Publicly traded master limited partnerships (MLP) have had a rough run since last July despite generally strong fundamental performances. If history is any guide, this marks an outstanding buying opportunity for the group.

For those unfamiliar with these securities, MLPs aren’t corporations but partnerships that trade on the major exchanges just like any other stock. You can purchase MLPs through your broker and will pay normal commissions just as if you were buying IBM or GE; more than three-quarters, in fact, trade on the New York Stock Exchange (nyse).
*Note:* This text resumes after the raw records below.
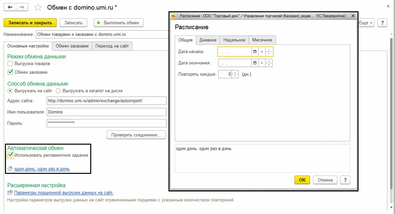 Для автоматического обмена данными с сайтом можно настроить расписание обмена с сайтом. Для этого необходимо установить галочку «Использовать регламентное задание» и настроить расписание обмена.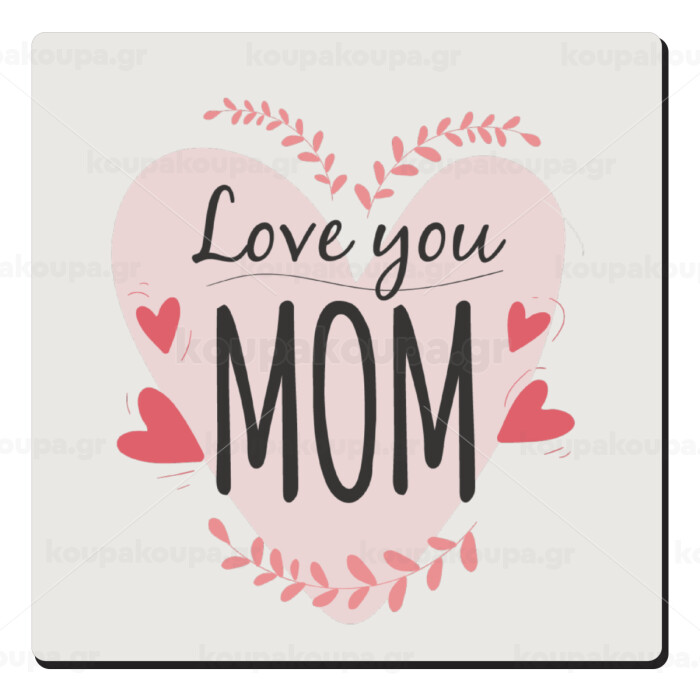 Mother's day I Love you Mom heart, Τετράγωνο μαγνητάκι ξύλινο 6x6cm
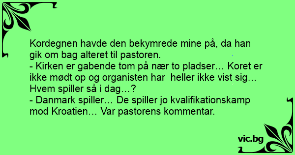 - Danmark spiller… De spiller jo kvalifikationskamp mod Kroatien… Var pastorens kommentar.

However, there are some key differences between MLPs and corporations. Chief among those are that MLPs pay no corporate-level taxation. Instead, these companies pass through the majority of their income to unitholders--MLP parlance for shareholders--as regular quarterly distributions.

These distributions aren't taxed as dividends but are extremely tax-advantaged. In most cases, MLP holders won’t have to pay tax on 70 to 90 percent of the distributions received until they sell their units. This allows significant tax deferral advantages.

Most US-traded MLPs focus on the energy business. The vast majority are involved in what are called midstream operations. This generally means owning energy infrastructure assets such as pipelines, oil and gas storage facilities and natural gas processing plants. Some MLPs have branched out into other energy-related businesses, such as owning tankers, leasing capacity on production platforms and even actually producing oil and natural gas.

The common thread linking most of these infrastructure businesses is that they’re extraordinarily steady and cash generative. For example, companies that own pipelines aren’t paid based on the value of oil or gas traveling through their pipes; instead, pipeline operators receive a fee linked to the volume of gas transported. In many cases, fees are partly or fully guaranteed under long-term contracts. In other words, once a pipeline is built, the owner can expect to receive regular, reliable cash fees with limited need for ongoing maintenance spending.

Because partnerships pay no corporate level tax, most of that cash finds its way into unitholders’ pockets. The average partnership in the industry benchmark Alerian MLP Index pays a yield of more than 7 percent; some pay yields of 13 percent or more. Even better, MLPs have a long history of increasing their distributions over time. In short, MLPs offer high, growing income.